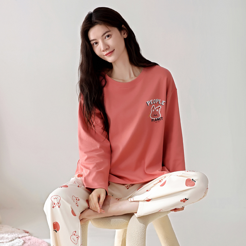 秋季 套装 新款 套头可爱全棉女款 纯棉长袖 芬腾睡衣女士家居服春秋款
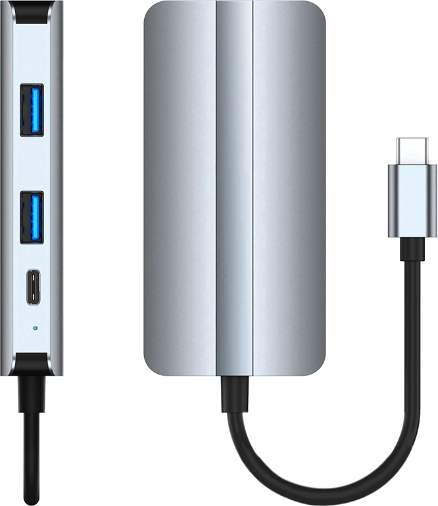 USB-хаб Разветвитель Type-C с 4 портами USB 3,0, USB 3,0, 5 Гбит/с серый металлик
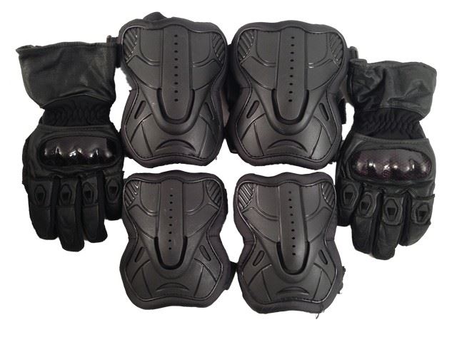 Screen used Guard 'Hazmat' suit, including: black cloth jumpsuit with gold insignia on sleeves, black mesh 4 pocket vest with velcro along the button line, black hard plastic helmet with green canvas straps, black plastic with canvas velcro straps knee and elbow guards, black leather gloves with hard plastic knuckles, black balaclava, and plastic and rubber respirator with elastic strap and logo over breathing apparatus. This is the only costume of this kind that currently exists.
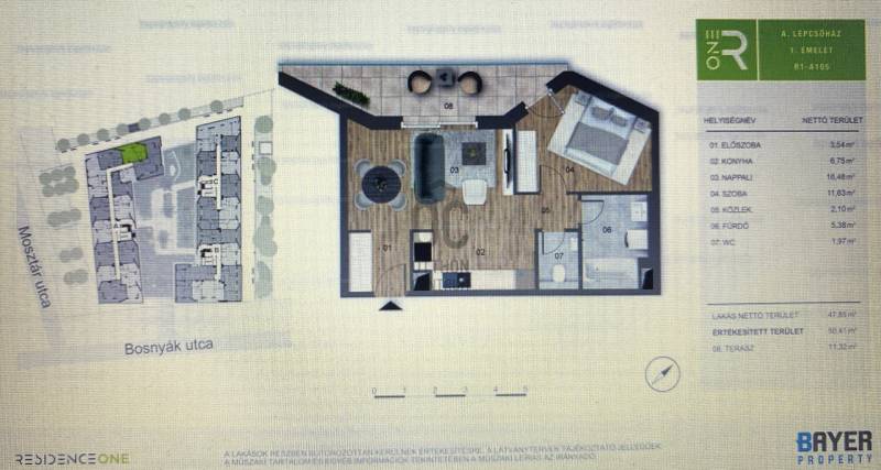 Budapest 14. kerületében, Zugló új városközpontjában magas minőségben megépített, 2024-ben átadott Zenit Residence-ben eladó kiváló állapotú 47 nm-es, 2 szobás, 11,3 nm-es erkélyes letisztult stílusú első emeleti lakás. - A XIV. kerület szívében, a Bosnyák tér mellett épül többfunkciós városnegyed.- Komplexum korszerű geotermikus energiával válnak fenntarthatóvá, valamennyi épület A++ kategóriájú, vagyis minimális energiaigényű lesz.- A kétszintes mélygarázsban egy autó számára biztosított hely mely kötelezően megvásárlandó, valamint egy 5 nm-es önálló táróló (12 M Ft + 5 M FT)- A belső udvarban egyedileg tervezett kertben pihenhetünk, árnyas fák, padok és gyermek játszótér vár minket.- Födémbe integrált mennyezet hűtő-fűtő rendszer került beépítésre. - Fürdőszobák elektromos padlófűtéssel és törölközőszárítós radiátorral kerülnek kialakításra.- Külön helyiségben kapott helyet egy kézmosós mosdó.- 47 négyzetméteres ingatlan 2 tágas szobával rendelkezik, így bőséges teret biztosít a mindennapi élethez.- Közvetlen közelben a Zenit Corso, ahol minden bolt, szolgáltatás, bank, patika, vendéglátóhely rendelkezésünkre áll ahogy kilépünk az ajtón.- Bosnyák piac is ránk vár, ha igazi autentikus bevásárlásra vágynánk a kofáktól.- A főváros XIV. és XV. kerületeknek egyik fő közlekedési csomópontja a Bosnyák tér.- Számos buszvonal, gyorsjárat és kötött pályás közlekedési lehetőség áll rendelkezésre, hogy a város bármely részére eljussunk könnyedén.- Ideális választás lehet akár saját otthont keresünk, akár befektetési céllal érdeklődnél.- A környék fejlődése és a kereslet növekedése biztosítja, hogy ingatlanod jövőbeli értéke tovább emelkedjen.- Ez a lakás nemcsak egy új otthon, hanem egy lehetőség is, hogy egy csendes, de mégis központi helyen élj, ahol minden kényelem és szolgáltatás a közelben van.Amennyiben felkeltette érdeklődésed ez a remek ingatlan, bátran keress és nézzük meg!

============

> **Exercise objective**
Exactly repeat the material from its first line through the line with "USB-хаб Разветвитель Type-C", including both, and leave the pictures and everything else out.

> **Exercise result**
 秋季 套装 新款 套头可爱全棉女款 纯棉长袖 芬腾睡衣女士家居服春秋款
 USB-хаб Разветвитель Type-C с 4 портами USB 3,0, USB 3,0, 5 Гбит/с серый металлик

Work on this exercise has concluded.